======== GIVEN ENTRIES

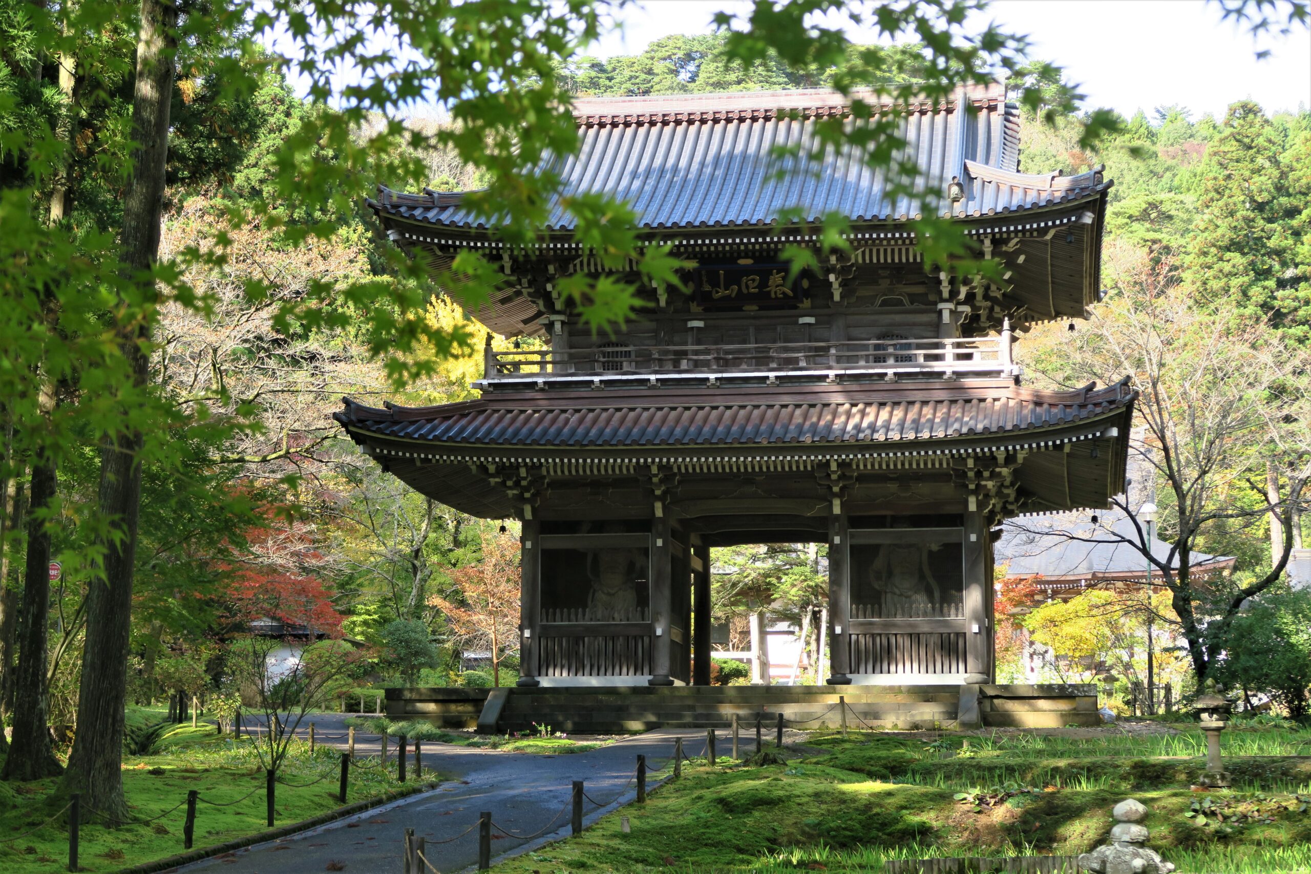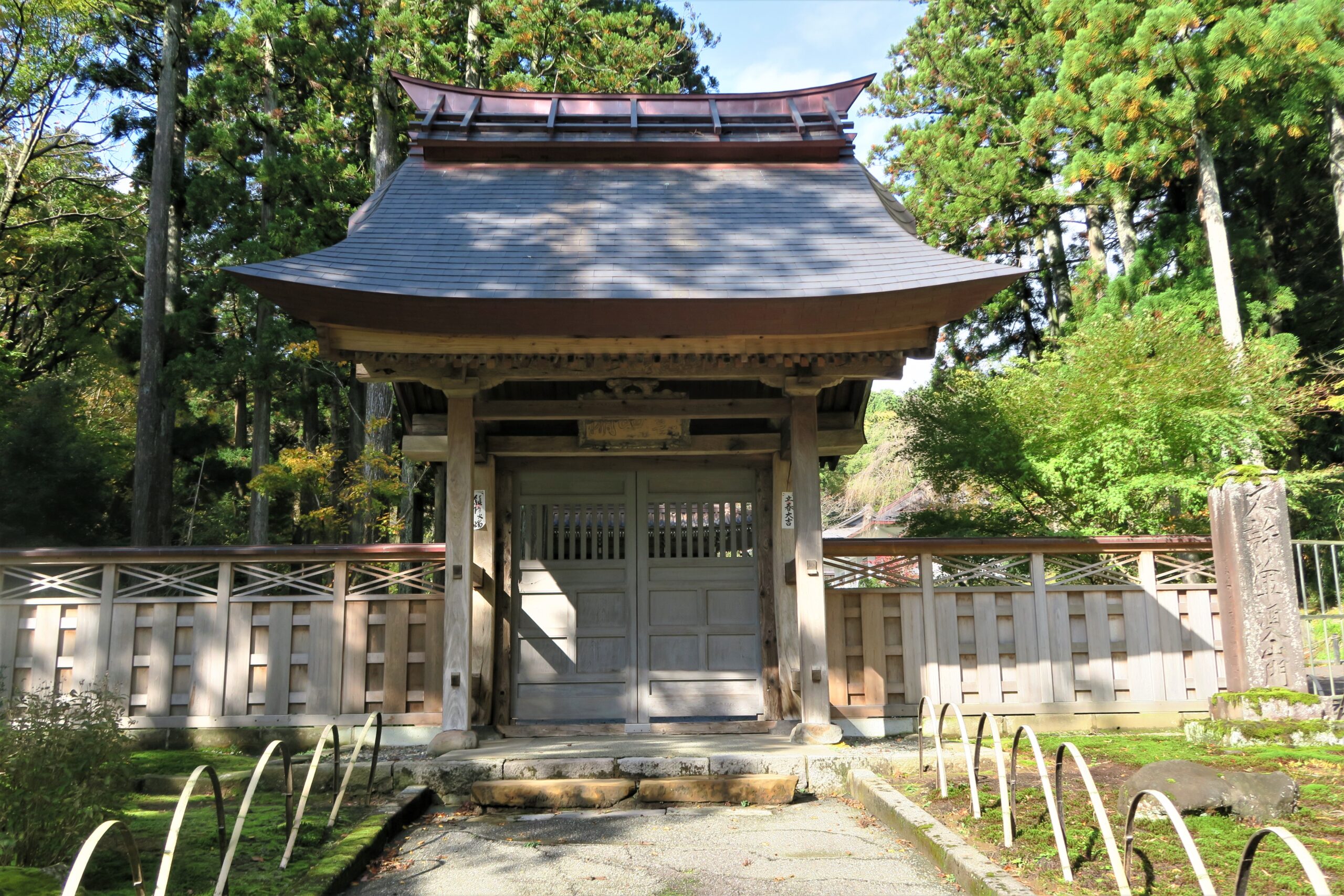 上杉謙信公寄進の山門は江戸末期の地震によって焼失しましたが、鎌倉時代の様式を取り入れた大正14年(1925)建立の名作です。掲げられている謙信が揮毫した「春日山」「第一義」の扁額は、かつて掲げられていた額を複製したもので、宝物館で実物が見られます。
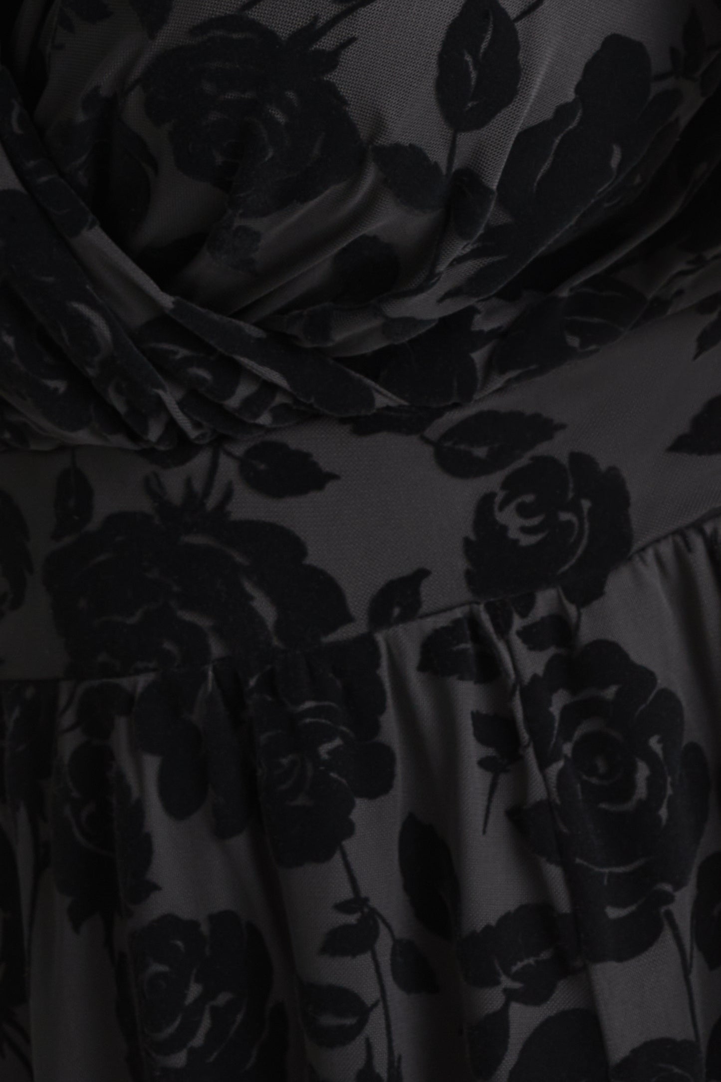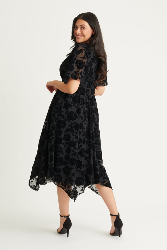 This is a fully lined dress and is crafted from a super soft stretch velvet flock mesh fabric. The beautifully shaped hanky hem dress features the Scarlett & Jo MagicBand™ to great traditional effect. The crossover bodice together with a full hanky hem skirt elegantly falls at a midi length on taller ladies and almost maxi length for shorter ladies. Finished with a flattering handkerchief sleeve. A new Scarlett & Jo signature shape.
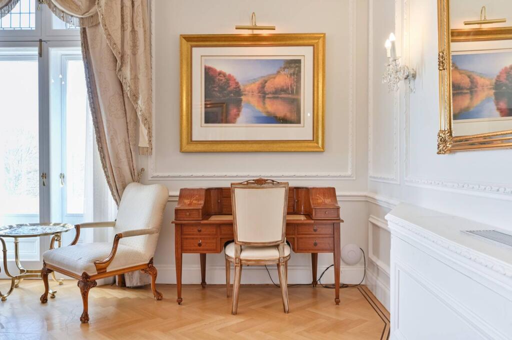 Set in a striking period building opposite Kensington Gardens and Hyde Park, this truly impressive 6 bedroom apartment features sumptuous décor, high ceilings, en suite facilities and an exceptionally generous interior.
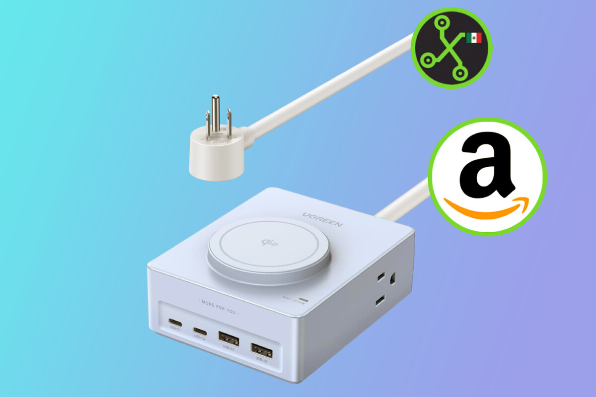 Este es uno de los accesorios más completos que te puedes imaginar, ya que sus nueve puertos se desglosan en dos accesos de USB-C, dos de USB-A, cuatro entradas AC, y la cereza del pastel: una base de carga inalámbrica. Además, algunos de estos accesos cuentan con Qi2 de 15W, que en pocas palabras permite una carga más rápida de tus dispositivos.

================
======== GIVEN ENTRIES

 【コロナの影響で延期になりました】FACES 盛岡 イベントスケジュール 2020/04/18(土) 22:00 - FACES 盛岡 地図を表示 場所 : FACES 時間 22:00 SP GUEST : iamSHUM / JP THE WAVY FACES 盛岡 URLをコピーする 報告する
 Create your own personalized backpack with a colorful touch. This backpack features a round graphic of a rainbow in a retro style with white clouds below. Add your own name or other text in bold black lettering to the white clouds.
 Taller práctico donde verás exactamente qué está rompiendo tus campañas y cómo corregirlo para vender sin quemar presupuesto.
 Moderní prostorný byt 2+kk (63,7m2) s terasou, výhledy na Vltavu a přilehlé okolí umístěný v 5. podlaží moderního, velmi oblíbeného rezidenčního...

================

Please transcribe exactly the part of the records that opens with the line containing "上杉謙信公寄進の山門は江戸末" and closes with the line containing "This is a fully", both ends included, and leave out the pictures.

* OUTPUT:
 上杉謙信公寄進の山門は江戸末期の地震によって焼失しましたが、鎌倉時代の様式を取り入れた大正14年(1925)建立の名作です。掲げられている謙信が揮毫した「春日山」「第一義」の扁額は、かつて掲げられていた額を複製したもので、宝物館で実物が見られます。
 This is a fully lined dress and is crafted from a super soft stretch velvet flock mesh fabric. The beautifully shaped hanky hem dress features the Scarlett & Jo MagicBand™ to great traditional effect. The crossover bodice together with a full hanky hem skirt elegantly falls at a midi length on taller ladies and almost maxi length for shorter ladies. Finished with a flattering handkerchief sleeve. A new Scarlett & Jo signature shape.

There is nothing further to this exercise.